Supplied information:
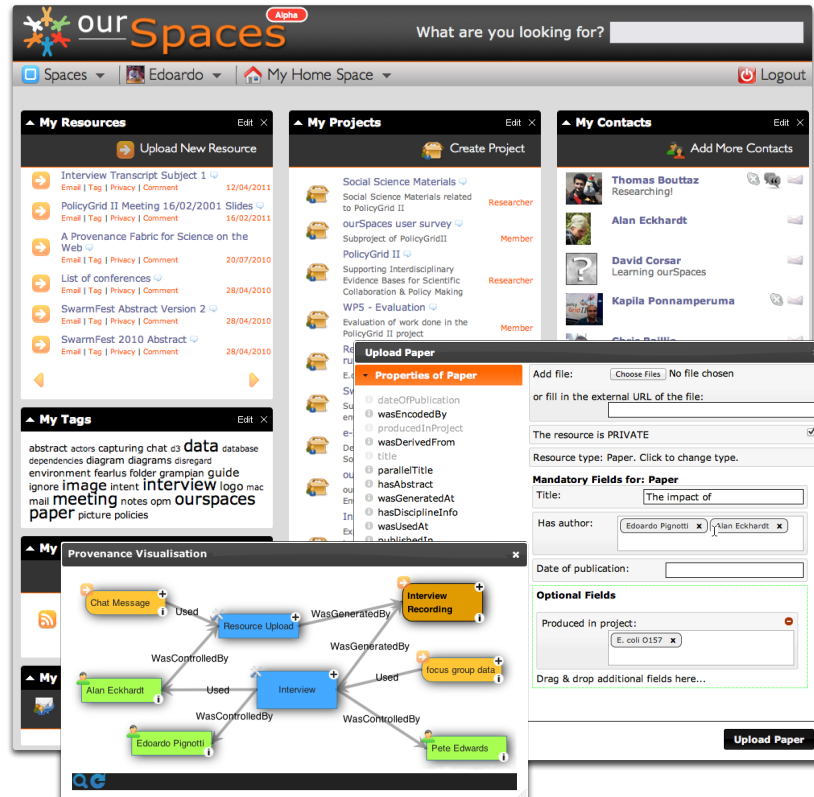
Fig. 1. A screenshot of the ourSpaces VRE showing a user's home space, an open upload form and the graphical provenance visualiser.

SPIN-based 5 reasoner to support the following system functionalities: representing and tracking the provenance of digital artefacts and processes; capturing the provenance associated with a user's social network; managing policies associated with use and re-use of data, security and privacy; controlling the behaviour of services within the application using policy-based reasoning; visualising provenance information using different modalities (natural language or graphical).
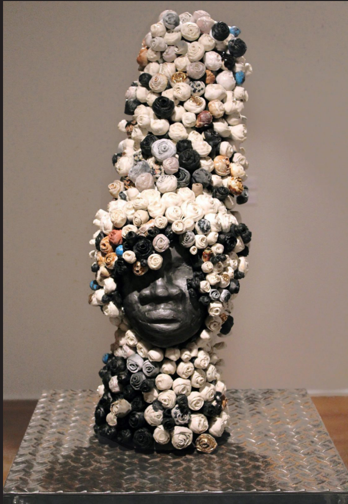
Simone Leigh "Whats Her Face"
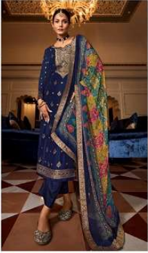
MANDAKINI | 7006

Work task:
The entire listing is to be printed exactly, with each picture omitted.

Answer below:
Fig. 1. A screenshot of the ourSpaces VRE showing a user's home space, an open upload form and the graphical provenance visualiser.

SPIN-based 5 reasoner to support the following system functionalities: representing and tracking the provenance of digital artefacts and processes; capturing the provenance associated with a user's social network; managing policies associated with use and re-use of data, security and privacy; controlling the behaviour of services within the application using policy-based reasoning; visualising provenance information using different modalities (natural language or graphical).
Simone Leigh "Whats Her Face"
MANDAKINI | 7006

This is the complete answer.